Material supplied:
----------

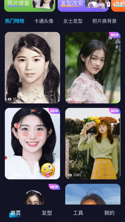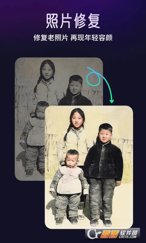 拥有多种特色功能,如AI照片修复、黑白照上色、照片变卡通、一键变老变年轻、性别变化等。
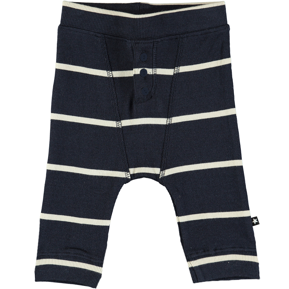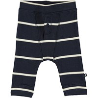 Stribede, mørkeblå baby bukser i rib med pynteknapper på fronten samt mellembred kant i talje og ved benslut.
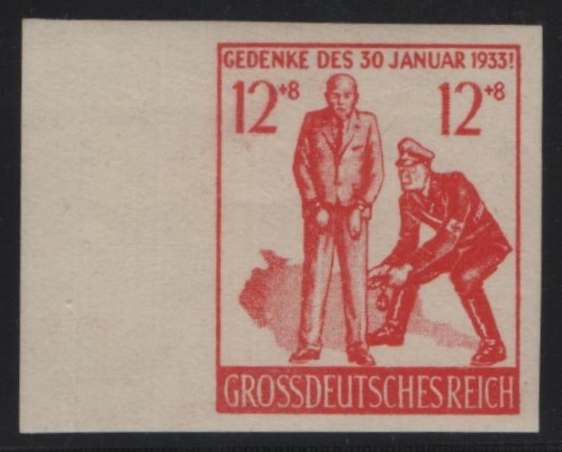British Propaganda stamp parody of Scott B289 / Michel 906, design shows Himmler putting shackles on an already handcuffed civilian; L margin single, imperf, full OG NH VF+ (Michel 32B) (Image)
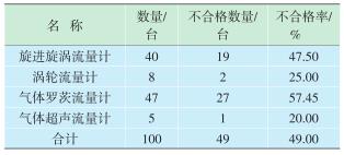 在2017年的工作基礎(chǔ)上,對2018年送檢的氣體流量計進行了抽查,并按不同類型進行了統(tǒng)計(表2)。
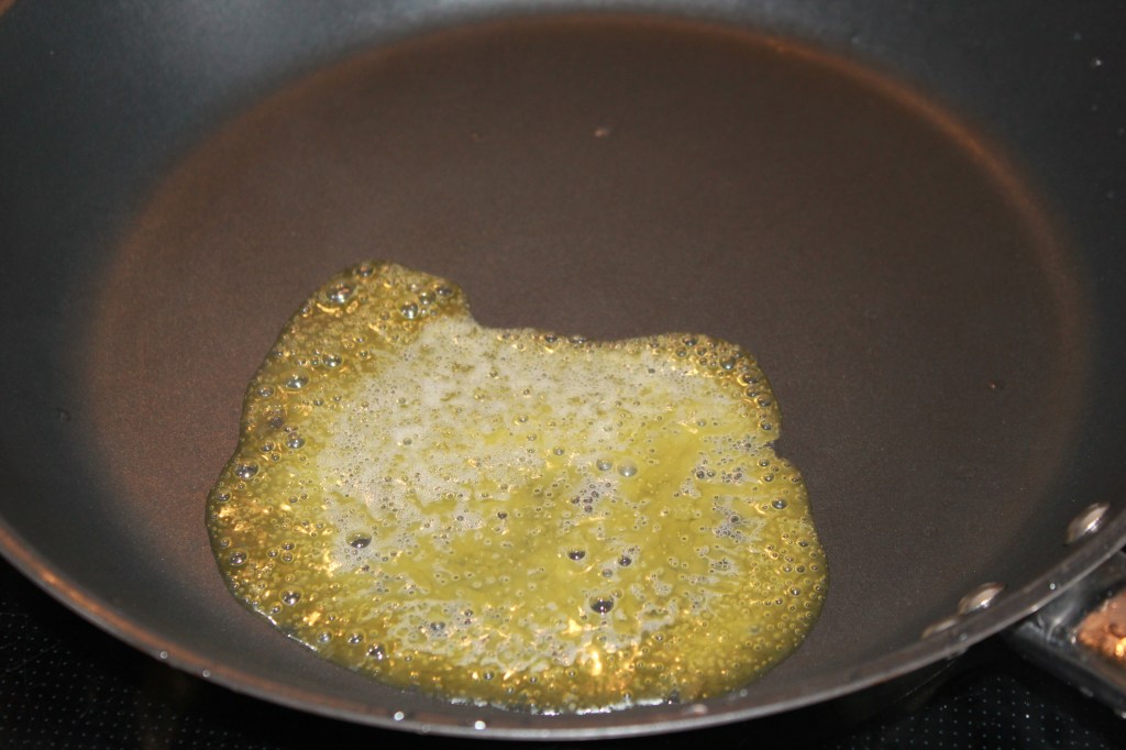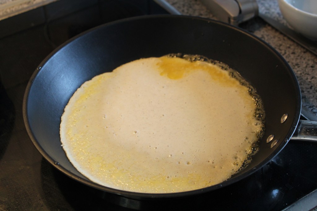 Bevor die Pfannkuchen gebacken werden, rührst du den Teig nochmals um. Nun erhitzt du Öl in einer beschichteten Pfanne (ca. 2 Teelöffel). Wenn das Fett heiß ist (Herd erstmal mittlere Hitzestufe), fülle mit einer Kelle eine Portion Teig in die Pfanne. Je mehr Teig du in die Pfanne füllst, desto dicker wird der Pfannkuchen. Ich nutze nicht so viel Teig, sondern sorge durch Schwenken der Pfanne dafür, dass sich der Teig dünn verteilt. Nun lässt du den Pfannkuchen ausbacken. Gewendet wird der Pfannkuchen zum ersten Mal, wenn der Teig stockt. Danach backt ihr ihn so lange, bis euch der Bräunungsgrad gefällt (im Beispiel wurde dreimal gewendet).
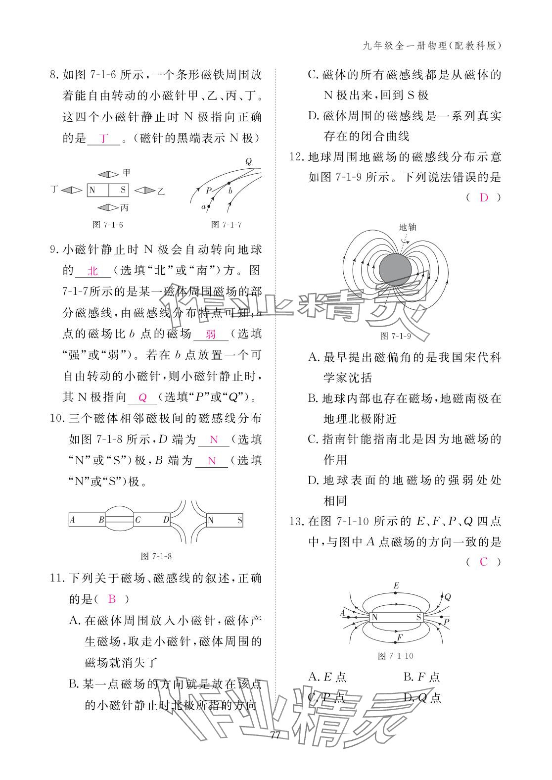 注:目前有些书本章节名称可能整理的还不是很完善,但都是按照顺序排列的,请同学们按照顺序仔细查找。练习册 2025年作业本江西教育出版社九年级物理全一册教科版 答案主要是用来给同学们做完题方便对答案用的,请勿直接抄袭。
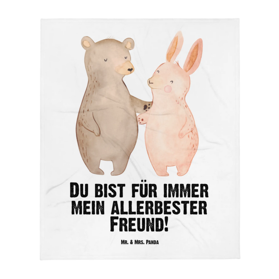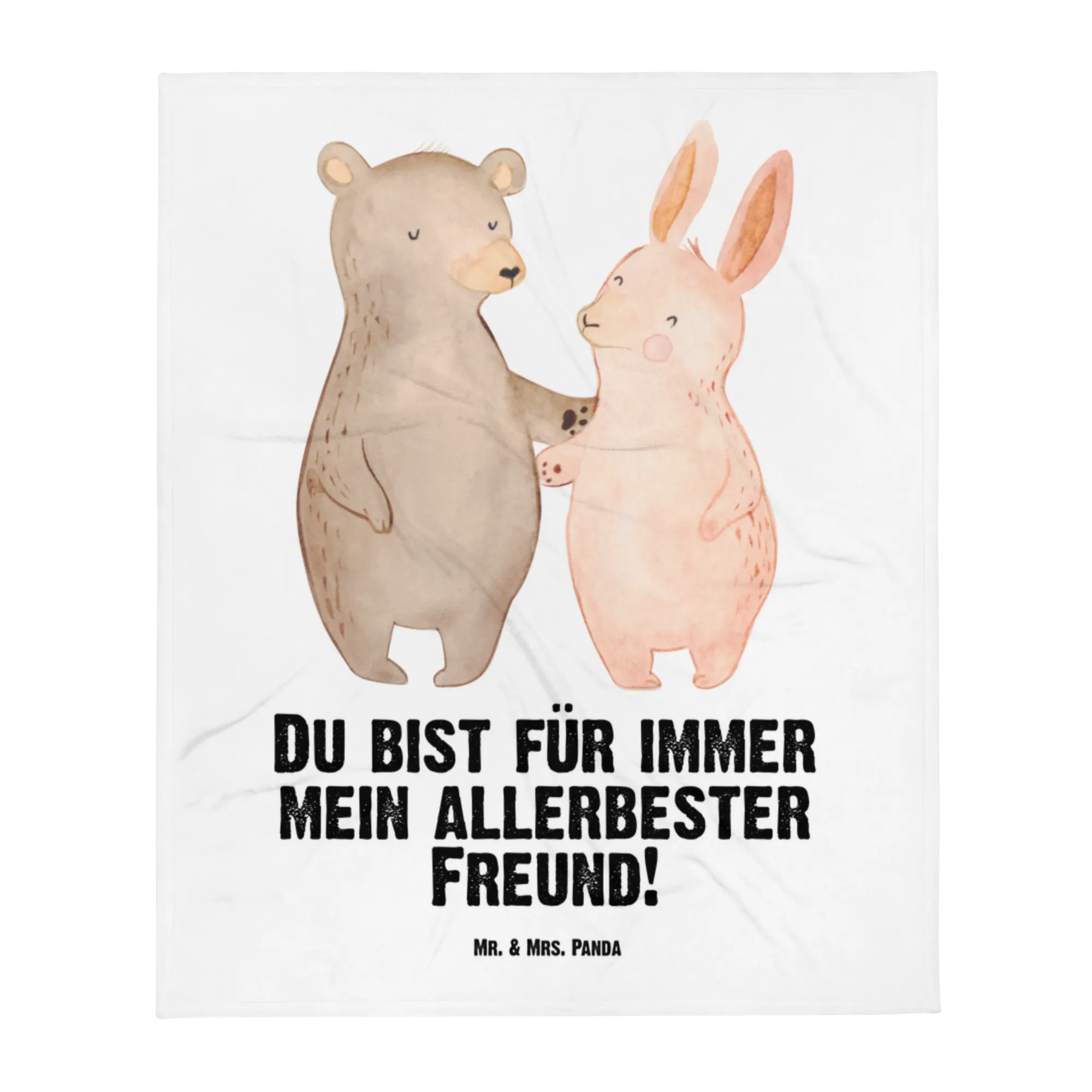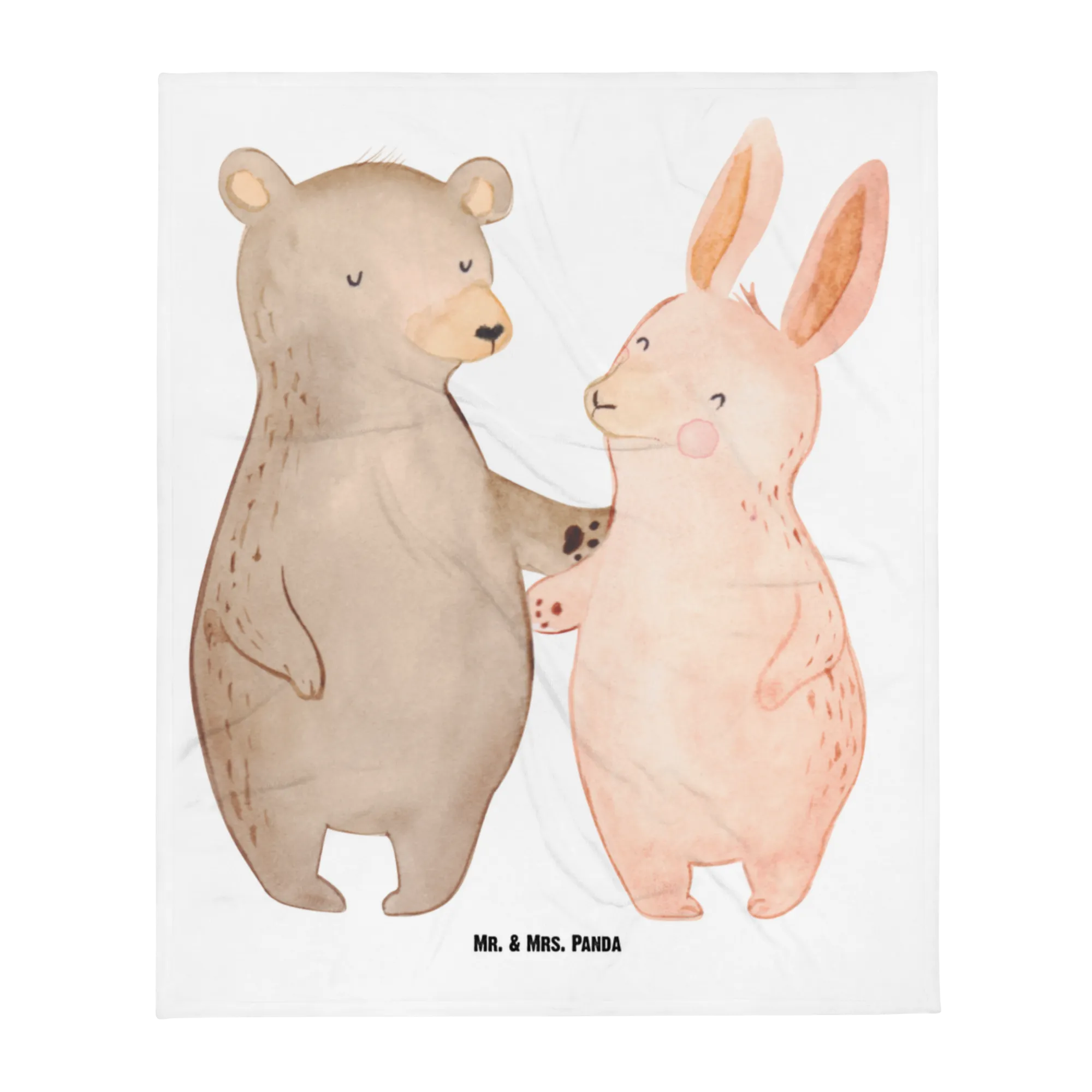 Baby blanket bear and rabbit Embrace - with a saying - White

----------

Exercise brief:
Reproduce the records in full and leave the images behind.

Answer section:
 拥有多种特色功能,如AI照片修复、黑白照上色、照片变卡通、一键变老变年轻、性别变化等。
 Stribede, mørkeblå baby bukser i rib med pynteknapper på fronten samt mellembred kant i talje og ved benslut.
British Propaganda stamp parody of Scott B289 / Michel 906, design shows Himmler putting shackles on an already handcuffed civilian; L margin single, imperf, full OG NH VF+ (Michel 32B) (Image)
 在2017年的工作基礎(chǔ)上,對2018年送檢的氣體流量計進行了抽查,并按不同類型進行了統(tǒng)計(表2)。
 Bevor die Pfannkuchen gebacken werden, rührst du den Teig nochmals um. Nun erhitzt du Öl in einer beschichteten Pfanne (ca. 2 Teelöffel). Wenn das Fett heiß ist (Herd erstmal mittlere Hitzestufe), fülle mit einer Kelle eine Portion Teig in die Pfanne. Je mehr Teig du in die Pfanne füllst, desto dicker wird der Pfannkuchen. Ich nutze nicht so viel Teig, sondern sorge durch Schwenken der Pfanne dafür, dass sich der Teig dünn verteilt. Nun lässt du den Pfannkuchen ausbacken. Gewendet wird der Pfannkuchen zum ersten Mal, wenn der Teig stockt. Danach backt ihr ihn so lange, bis euch der Bräunungsgrad gefällt (im Beispiel wurde dreimal gewendet).
 注:目前有些书本章节名称可能整理的还不是很完善,但都是按照顺序排列的,请同学们按照顺序仔细查找。练习册 2025年作业本江西教育出版社九年级物理全一册教科版 答案主要是用来给同学们做完题方便对答案用的,请勿直接抄袭。
 Baby blanket bear and rabbit Embrace - with a saying - White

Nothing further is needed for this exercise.